Lipids (Fats and Oils)
- Lipids: same as carbohydrate they contain carbon, hydrogen and oxygen only, but the proportion
of oxygen in Lipids is much lower.
- Building blocks: Glycerol and Fatty Acid.
- Glycerol: oily liquid, also known as glycerine. Used frequently in cosmetics
- Fatty Acid: many different types, which gives different types of lipid in food.
- Lipid: a glycerol molecule is joined to 3 fatty acid molecules.
- Cholesterol: a kind of lipid compound.
Proteins
- Proteins: each protein is made up of 20 sub-unit called amino acids.
- Amino Acids: All amino acids contain 4 elements – carbon, hydrogen, oxygen and nitrogen. Two
of the amino acids contain sulphur as well.
- The amino acids are linked together to form long chains, usually folded up or twisted into spirals.
- Their shapes determine their functions.
- The order of amino acids determines their shapes.
- Many different combinations, hence many kinds of protein. Some carry out specific functions
such as enzymes and
Enzymes
- A kind of protein.
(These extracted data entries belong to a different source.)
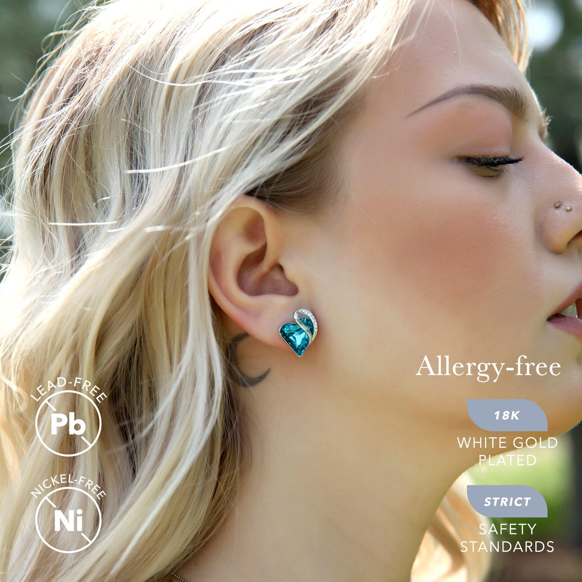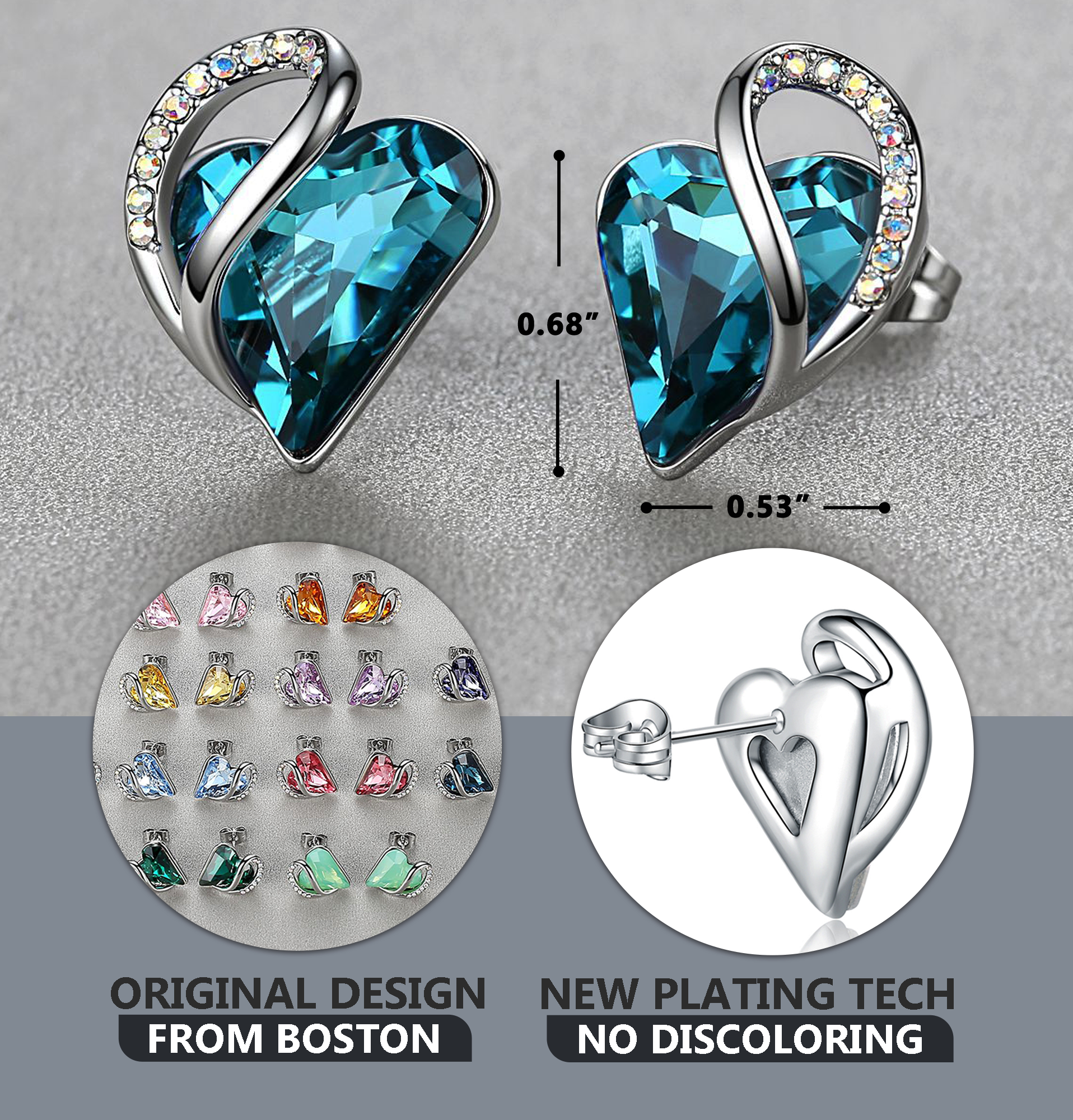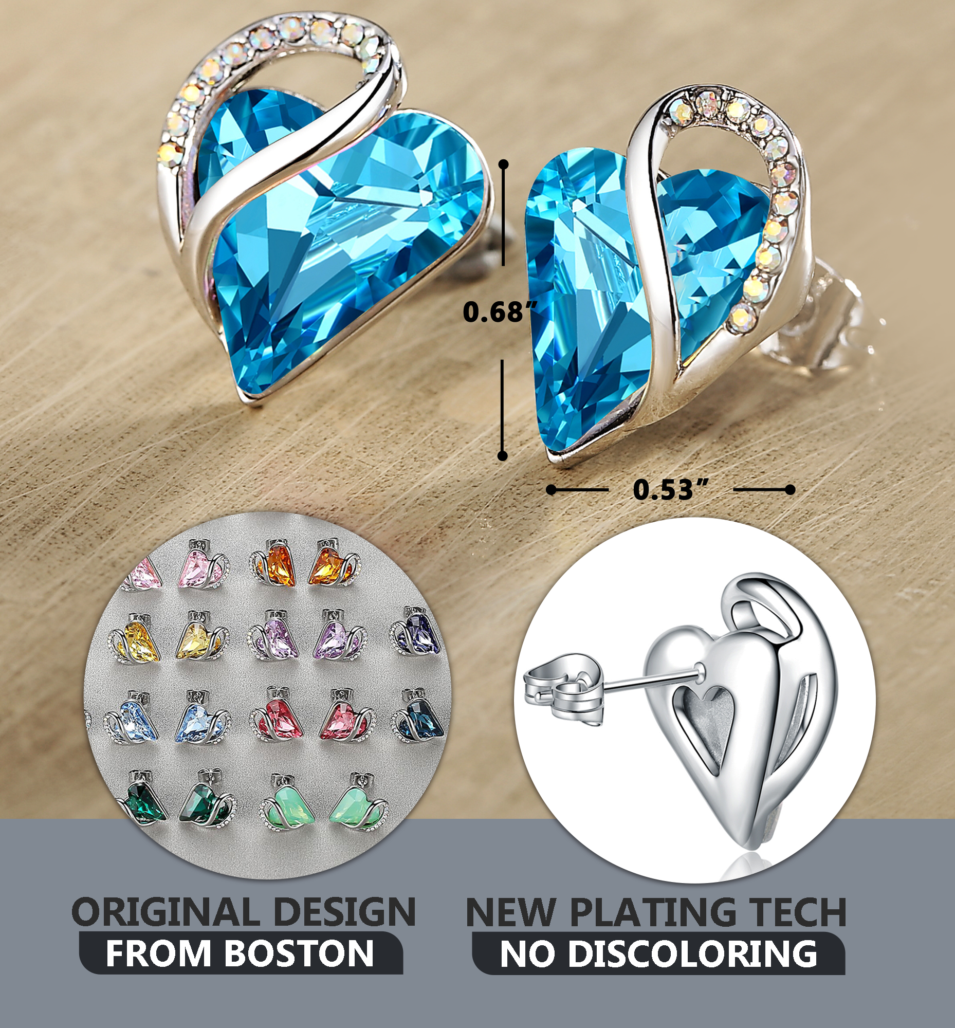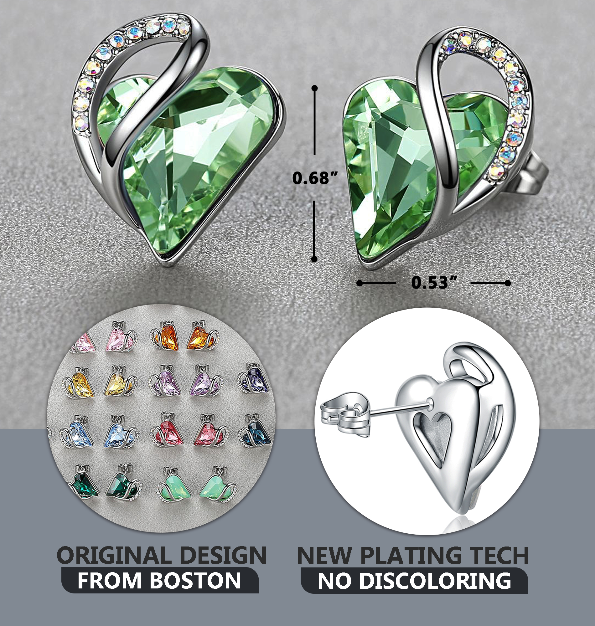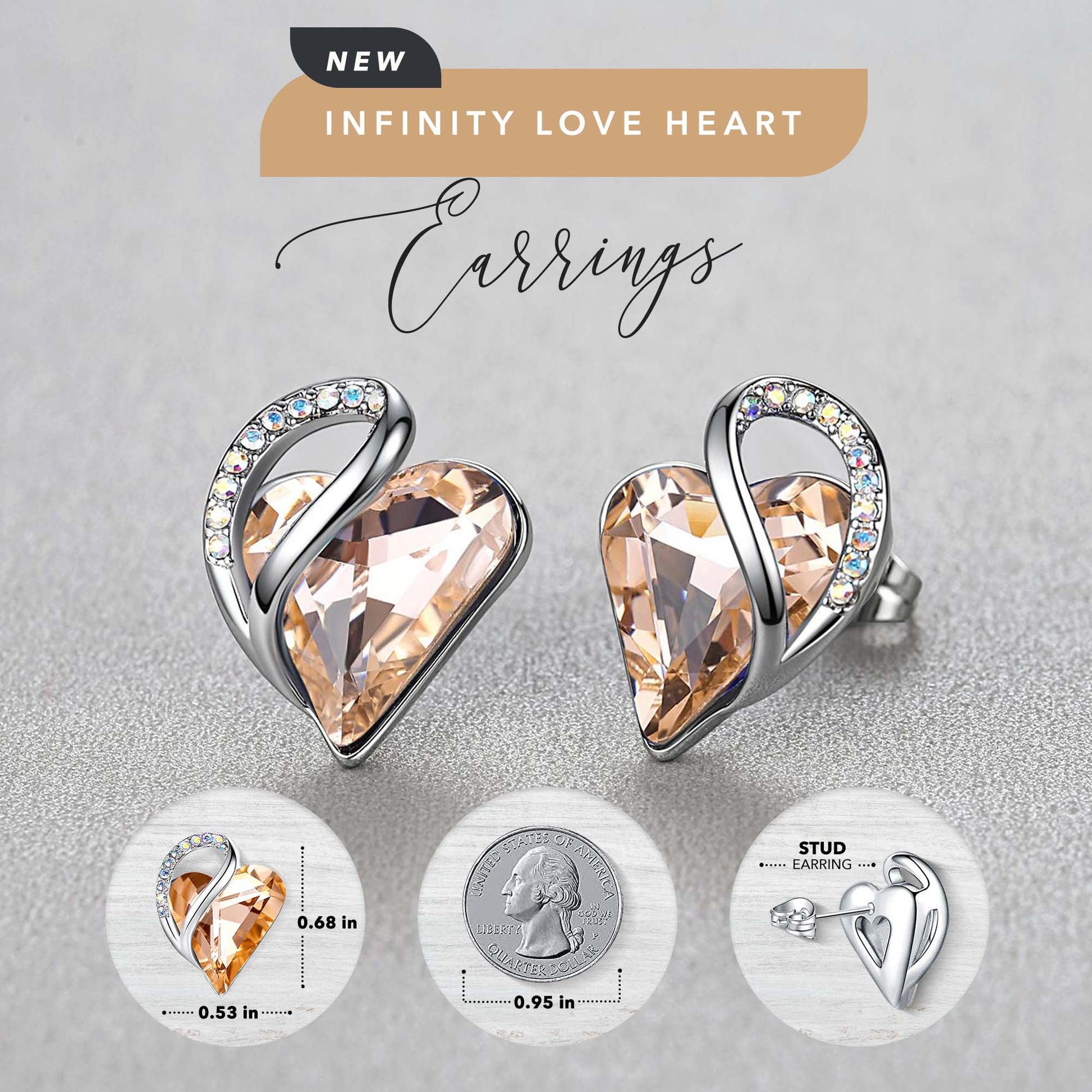 Leafael Infinity Love Heart Stud Earrings with Birthstone Crystal Women's Gifts, Silver-tone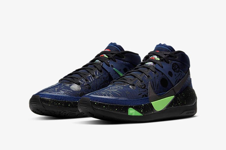 KD13 「籃球之星」配色以深藍色和黑色為基調,代表著深夜星空和月球表面,亮綠色的點綴搭配靈感則來自科幻電影;鞋面透過具有強烈塗鴉風格的手繪圖稿,呈現青少年天真不羈的個性。這雙鞋款創造出一個籃球星球,不僅鼓勵每一個熱愛籃球的人親自感受籃球文化的魅力,以無懼困難的態度為正式上場做好準備,更同時致敬 Kevin Durant 對籃球的熱情和付出。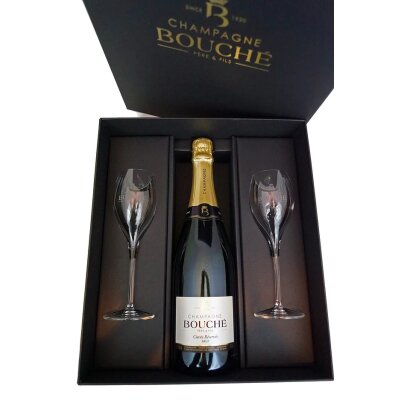Geschenkset mit 1 Flasche Champagner Bouché Couveé Reserve 0,75 Liter mit 2 Gläsern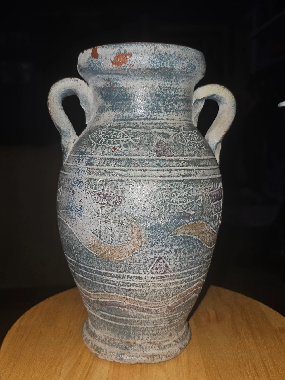 This is a unique decorative vase with two handles. It has a textured surface and a rustic look, featuring etched designs of turtles and geometric shapes. Perfect for adding a touch of character to any room!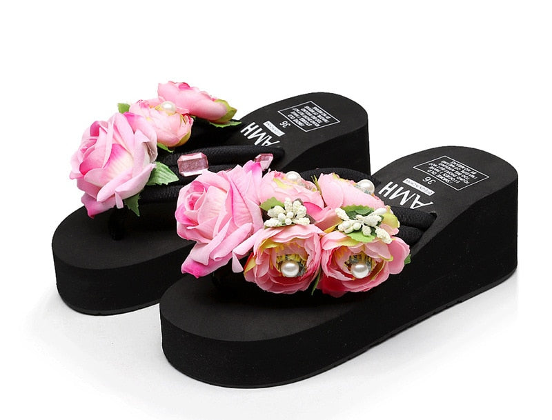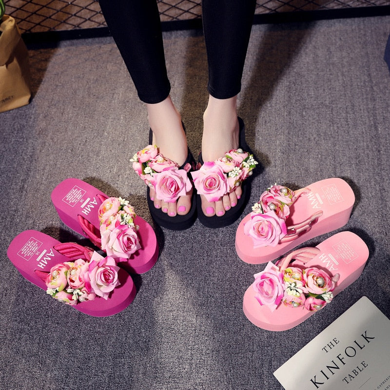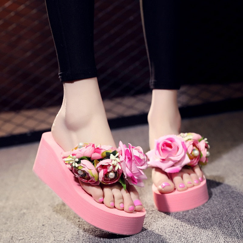 Slippers Women Handmade Slippers Summer Flip Flop Flowers Female High Heel Ladies Bohemia Beach Sandal Slippers Home Slippers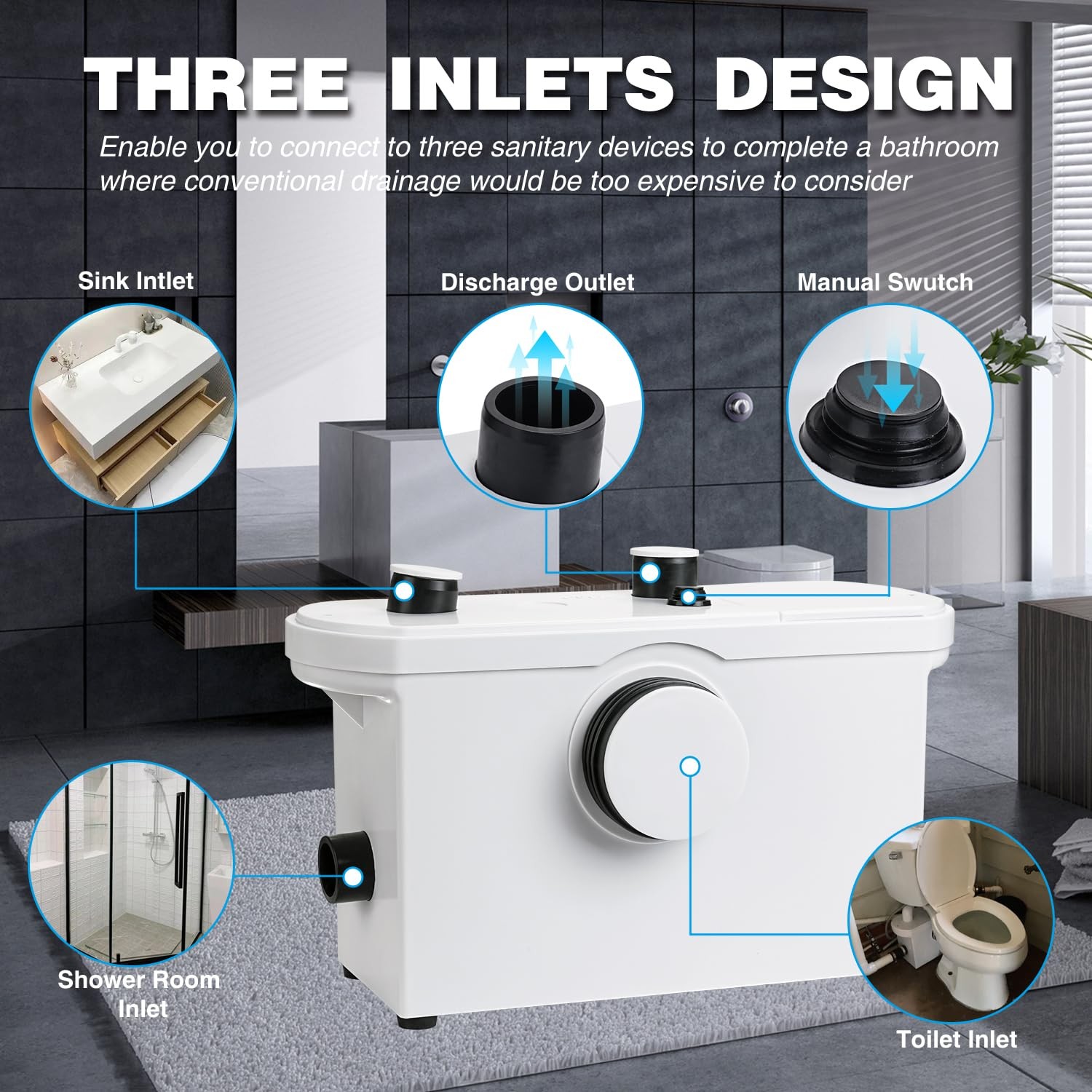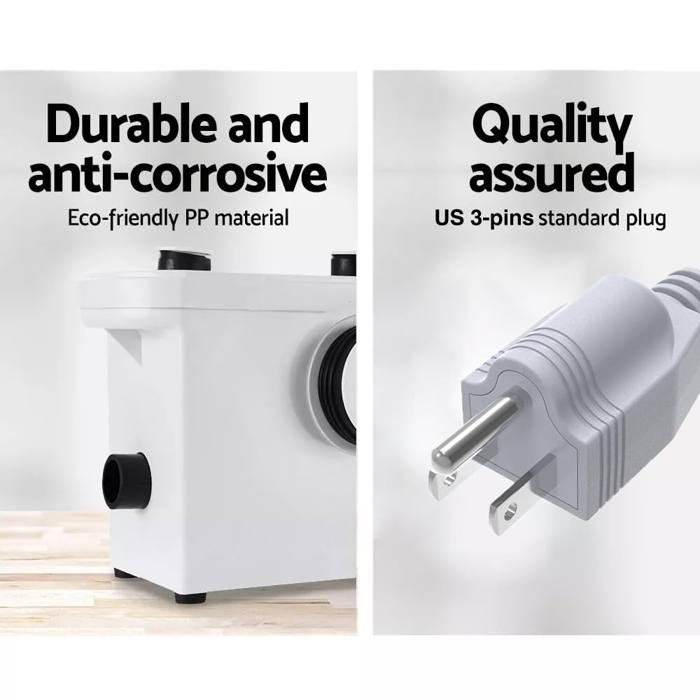 600W Macerator Pump, Macerator Sewerage Sump Pump with 3 Water Inlets for Toilet, Basement, Kitchen, Sink, Shower, Bathtub Waste Water Disposal Upflush Machine 【Efficient Drainage】--600W macerator pump moves up to 2220 gallons per hour; Equipped with solid Copper Motor Windings has max horizontal lift of 328 ft, vertical lifting up to 20 ft for quiet and quick-on-site sewage transfers. 【3 WATER INLETS】--This macerator toilet pump is equipped with 3 water inlets which providing the capabilities of attaching multiple devices, such as your sink, shower, bathtub, washing machine, bathtub, toilet and etc to complete a bathroom where conventional drainage would be too expensive to consider. 【STURDY CONSTRUCTION】--Full environmental thermoplastic construction ensure less prone to mechanical failure. The overheat protection device can be automatically disconnected to protect the device when the motor is overheated. Extremely quiet in operation with only 40DB and fully Automatic when activated by flushing. 【DRY AND WET SEPERATION】--The sewage is stored separately in the water tank, and the electronic switch is activated by the pressure of the rising water level. The motor and switch will not be submerged in water, making them less prone to damage and easier to maintain. 【Multiple Applications】--This sump pump is designed for use in kitchens, bedrooms, bathrooms, etc. It is also suitable for special venues such as basements, RVs, and boats. For any reason, you are not Satisfied - Please feel free to contact us and we will reply and solve your problems within 24hours. 【NOTE】--Do not discharge any acids, alkaloids, solvents painting, paint strippers, food waste, plastic bags, metal such as nails, hairpins, wood building materials, kitty litter or anything that could halt or damage or corrode the unit. Disregarding the above might damage the macerating unit and shall void your warranty.

Biological catalyst.
- Control chemical reaction in cells.
- Catalyst: a chemical which speeds up reaction without using up itself. It takes part in the
chemical reaction, but afterward is unchanged and free to catalyst more reactions.
- How activities in cell are controlled: the nucleus contains the genes, which control the
production of enzymes, which catalyse the reactions in the cytoplasm.
- Why do humans need enzymes? Body temperature is low (37 degree Celsius), without catalyst
most chemical reactions in cell happen too slowly to keep the life.
How enzymes work?
- Substrate: The molecule that the enzyme acts on.
- Active Site: each enzyme has a small area on its surface called active site.
- The substrate attaches to the active site, reaction takes place, final product is formed.
- It lowers the energy needed for reaction to start, allowing the product to be formed more easily.
- Enzymes also catalyse reactions where large molecules are built up from smaller molecules.
Several smaller molecules attach to the active site and the large molecule is formed.
- Lock and Key Model of enzyme reaction: Substrates will only fit into the active site of a particular
enzyme, like fitting key into a lock.
- After the enzyme has catalysed a reaction, the product is released from the active site. The
enzyme is free to act on more substrates.
-
Factors Affecting Enzymes – Temperature and pH
Temperature
- Optimum Temperature: 37 degrees Celsius for enzymes in human body.
- As enzyme is heated up to the optimum temperature, the rise in temperature increases the rate
of reaction.
- As temperature increases, the kinetic energy of the enzyme and the substrate increases, they
collide more often, means reaction will take place more frequently.
- However, above the optimum, the enzyme’s protein molecules are broken down by heat.
- Denaturing: above 40 degrees Celsius, the enzyme is destroyed.
- Denaturing changes the shape of the active site; substrate will no longer fit into it.
- Denaturing is permanent, the enzyme will no longer catalyse the reaction.
- Not all enzyme have an optimum temperature of 37 degrees Celsius.
pH
- pH inside cells is neutral with pH 7.
- Optimum pH: most Enzymes work best at pH 7
- Either side of the optimum, the pH affects the structure of the enzyme molecule and changes
the shape of the active site, so that the substrate will not fit into it well.